Anderson, Broadfoot and Anderson, by Lee B. Johnson, for defendant appellee Guaranty Bank and Trust Company of Florence, South Carolina.

WEBB, Judge.

If defendants were entitled to judgment as a matter of law on the undisputed facts, the superior court properly entered summary judgment in their favor. See Moore v. Fieldcrest Mills, Inc., 296 N.C. 467, 251 S.E. 2d 419 (1979).

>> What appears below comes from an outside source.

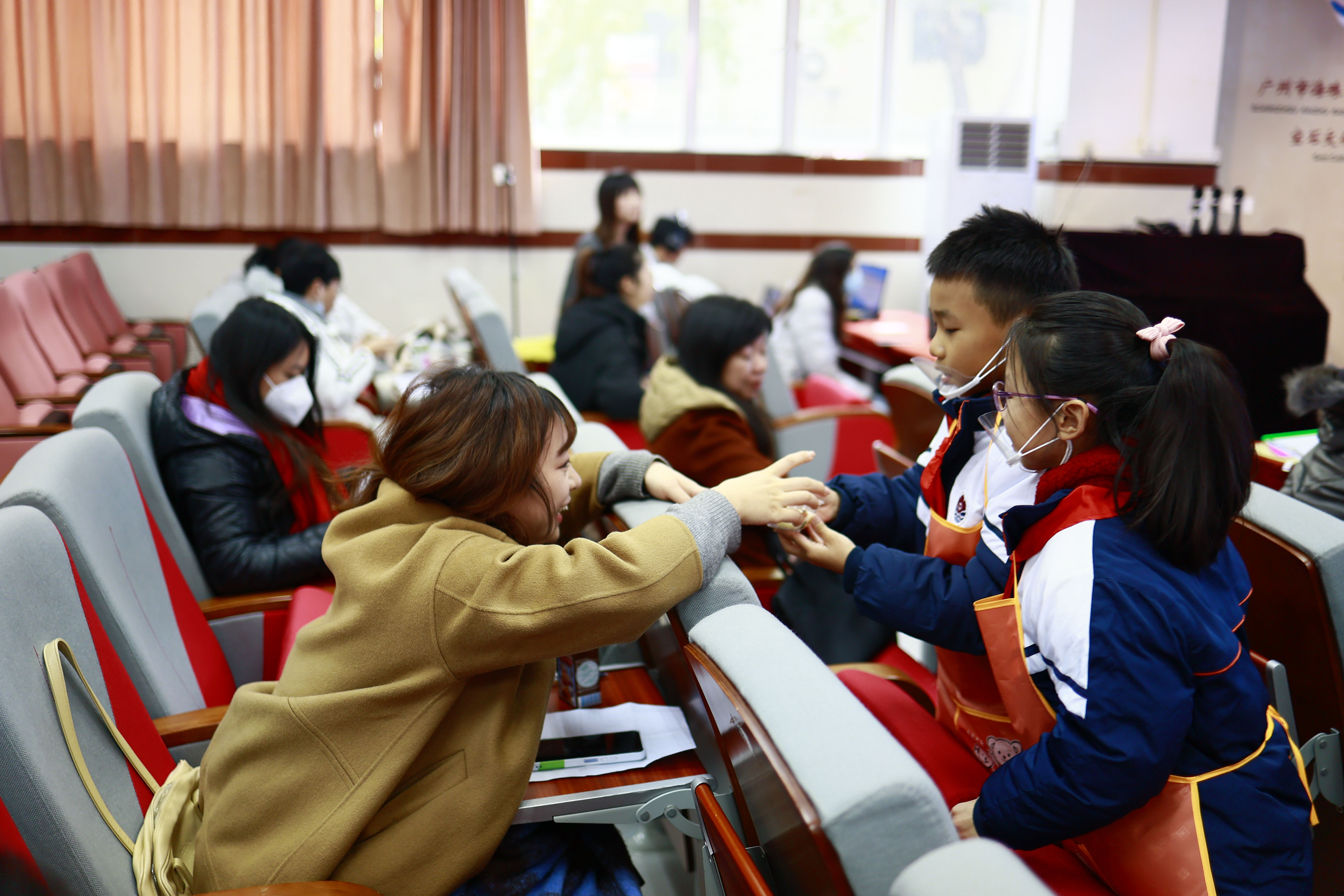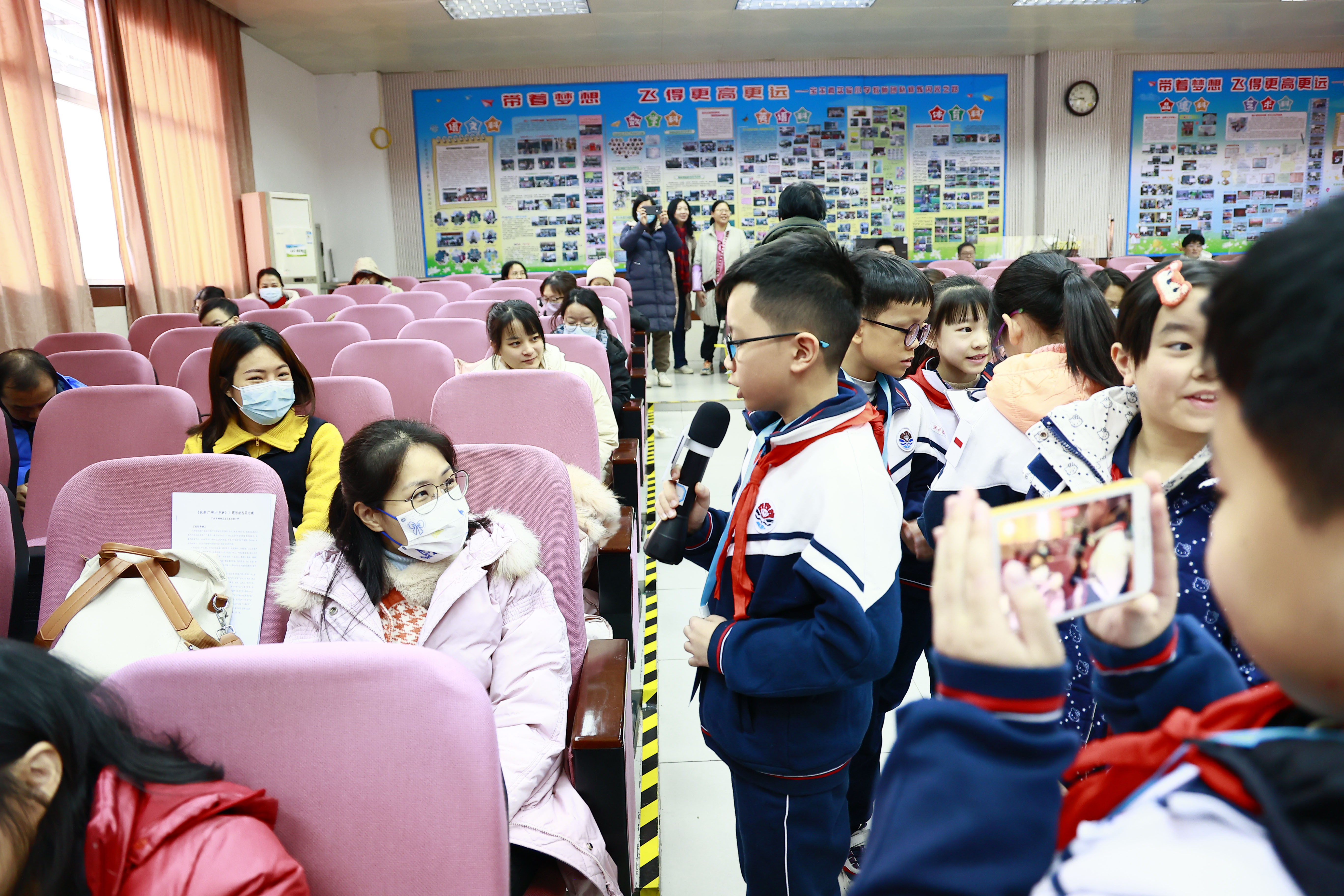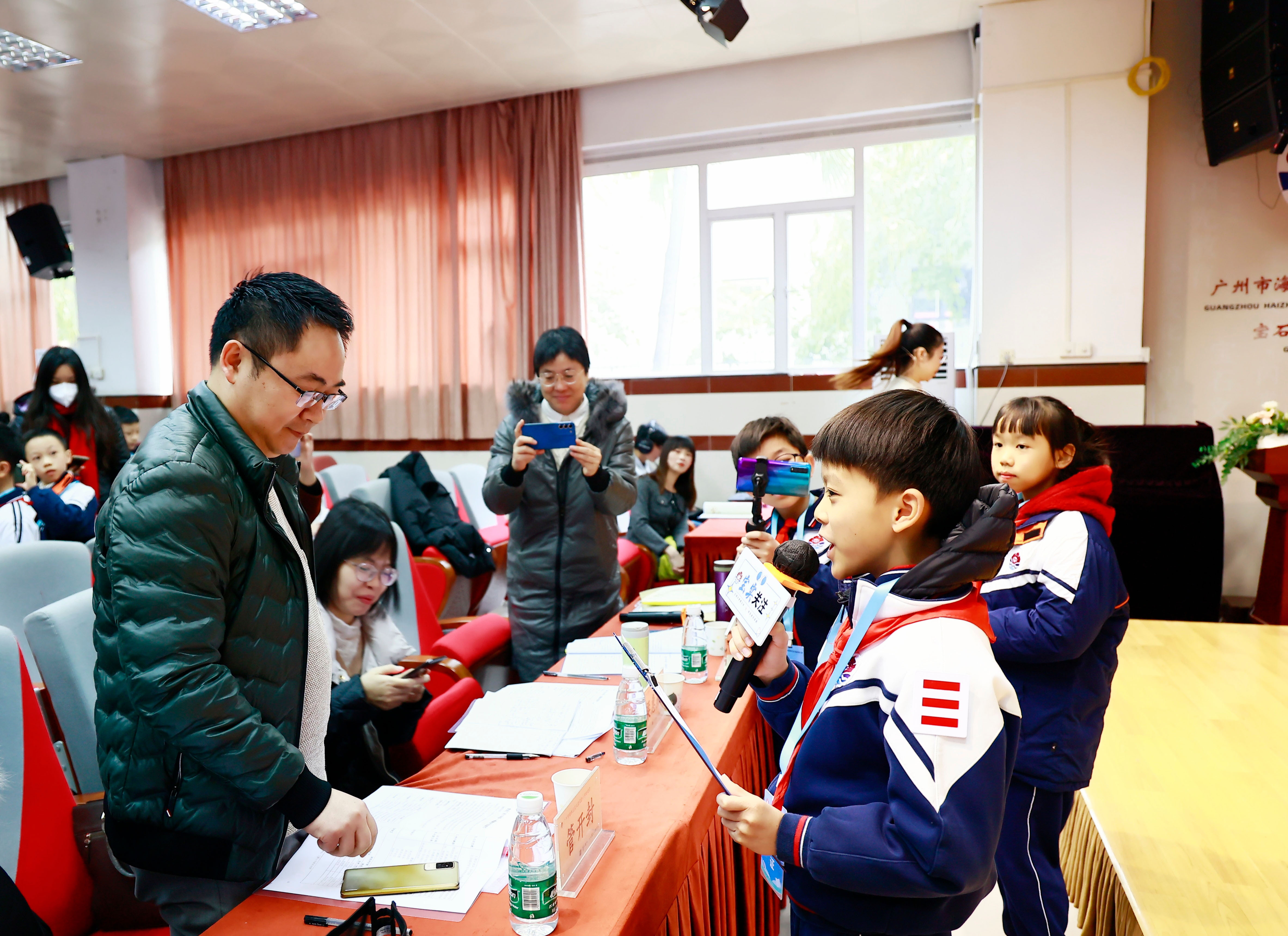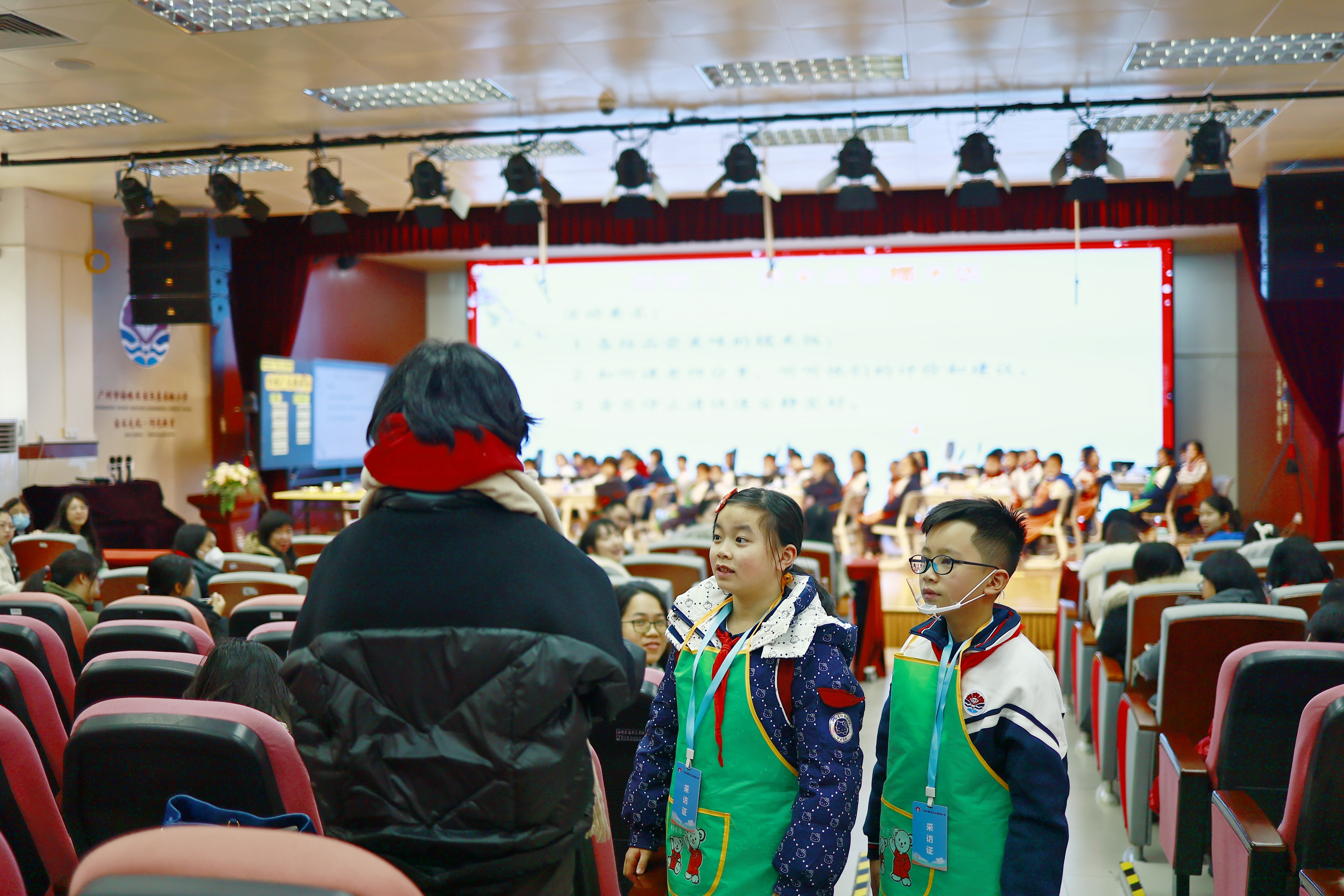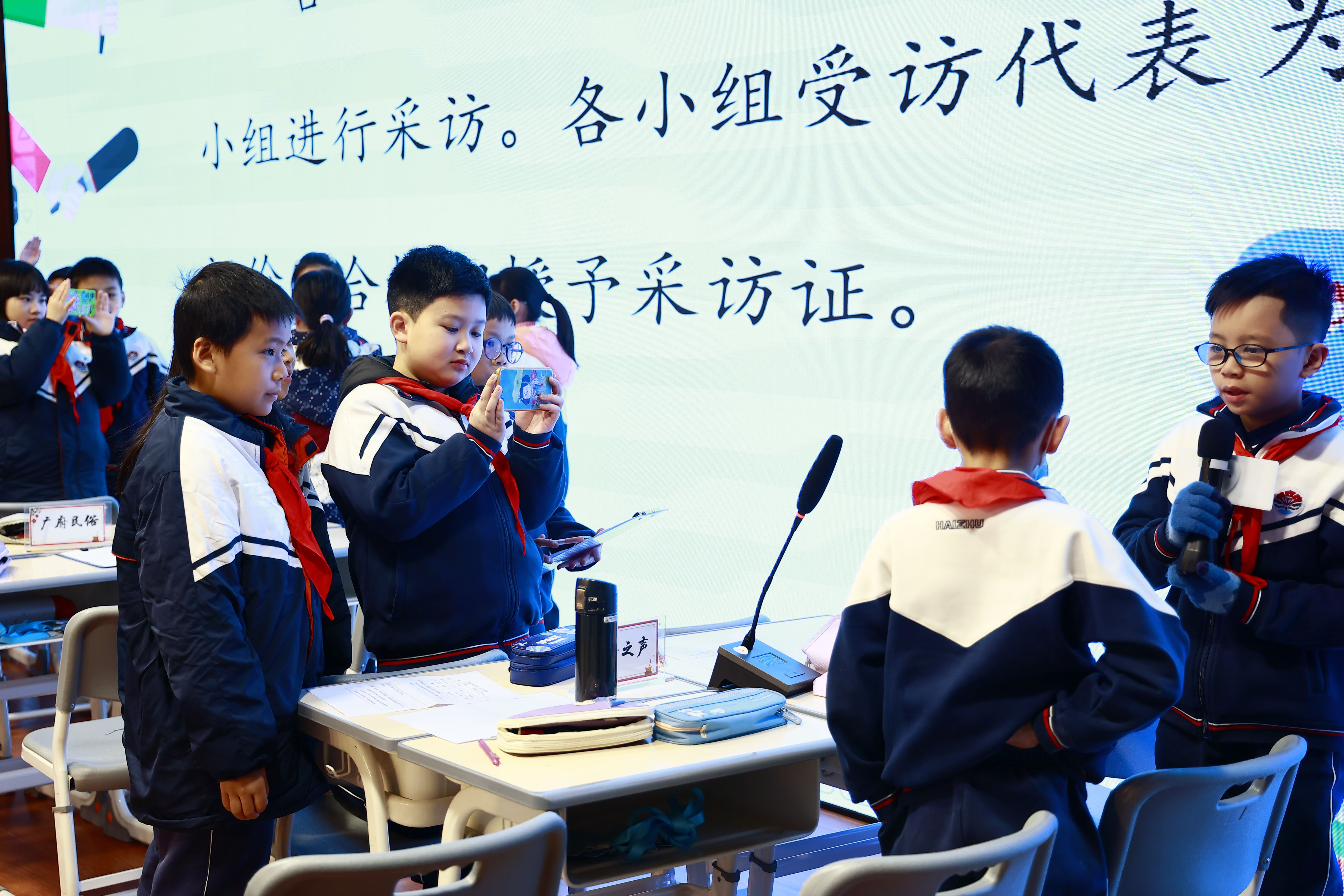 活动第二个环节是海珠区宝玉直实验小学综合实践活动、劳动科组骨干教师作课例展示。第一节课是由董玲舒老师带来的《我是广府小导游——采访方法指导课》。董玲舒老师是广州市中小学综合实践活动学科中心组成员,获广州市中小学综合实践活动学科教师教学技能大赛三等奖。董老师通过创设情境,激发学生采访需求。学生通过学习技能、模拟演练、展示交流、反思总结等,习得采访方法,掌握采访技能。董教师鼓励学生运用所学方法现场采访听课老师,学生们纷纷走入会场,走到老师们身旁,积极邀请听课老师参与采访活动,现场互动氛围热烈。

*501We affirm the judgment of the superior court. The principal question posed by this appeal is whether the maker of a check who examines the check when presented at the bank and instructs the bank to pay it may then collect from the bank for paying the check. We hold that the maker cannot do so. We have not been able to find a case on all fours. Modern Homes Construction Co. v. Tryon Bank and Trust Co., 266 N.C. 648, 657, 147 S.E. 2d 37, dissent at 147 S.E. 2d 386 (1966) says by way of dictum: “it is clear that drawer’s conduct in advising and requesting the Bank to make payment . . . would have estopped drawer in any subsequent suit against the Bank.” An argument can be made that when plaintiff’s agent examined the checks and instructed Southern National to pay them it had as much right as Southern National to rely on Guaranty’s guarantee of the endorsements and by instructing Southern National to pay the checks it did not waive this right. The difficulty with this argument is that plaintiff sued Southern National. Southern National had the right to rely on the instructions of plaintiff as well as Guaranty’s guarantee.

Since any liability of Guaranty in this action is predicated on a liability on the part of Southern National, the superior court was correct in allowing summary judgment in favor of both defendants.

Affirmed.

Judges MARTIN (Robert M.) and MITCHELL concur.